Decoupling the mutable attributes of the snapshot record from the immutable ones means that we can store the large, immutable portion of each snapshot almost indefinitely in the Snapshot Cache without ever needing to invalidate its entries. Thus, we significantly reduce deserialization overhead and I/O when communicating with the state database, as only a small subset of fields needs to be fetched to reconstruct an up-to-date record on the client side.

The Optimized Query Cache, shared between model definitions on the local file system and those fetched from the state database, ensures consistent cache hits as long as the parsed contents of the model definitions remain unchanged, regardless of their source.

Multiprocessing

Last but not least, SQLMesh now takes advantage of multiple cores when parsing, rendering, and optimizing model queries.

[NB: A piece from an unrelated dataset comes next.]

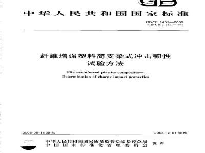 本标准代替GB/T14511983《玻璃纤维增强塑料简支染式冲击韧性试验方法》本标准与GB/T14511983相比主要变化如下:一标题由《玻璃纤维增强塑料简文染式冲击韧性试验方法》改为《纤维增强塑料简支梁式冲击韧性试验方法》;

It’s well known that true parallelism can’t be achieved within the same Python process due to Global Interpreter Lock (GIL) (at least before version 3.13). To fully utilize multiple cores in parallel, the solution is to create copies (forks) of the current process and distribute the workload among them. Consequently, using multiple processes introduces additional I/O overhead because the lack of shared memory necessitates less efficient methods for transferring inputs and outputs.

Fortunately, we were able to partially mitigate this issue by having the worker process populate the cache directly, allowing the main process to read from it. This approach also simplified the implementation, as the main process only needs to access the cache, regardless of whether there is an actual cache hit.

Next Steps

The described improvements combined have resulted in a significant reduction in run times, especially for larger projects. Some users have reported a 30-55 second speedup for projects with over a thousand models.

We still have many improvements planned, including more efficient table creation. SQLMesh users can expect the product to become even faster in future versions.

Final Thoughts

Looking back, it’s fascinating to see how external factors and pressures influence design and implementation choices at any given moment. What's known and unknown shifts constantly, so a decision that seems right today might not hold up tomorrow. That’s why successful software products today are like living, breathing organisms, continuously evolving and adapting to their ever-changing environment.

We want you to feel amazing with every interaction you have with SQLMesh. Whether that’s 55 second speedups, or 1, we hope you feel more immersed in the work you love.


  1. I didn’t come up with these phases myself. I first learned about them while reading Brian Foote and Joseph Yoder's Big Ball of Mud paper and found them to be a fitting formalization of what the industry has naturally arrived at.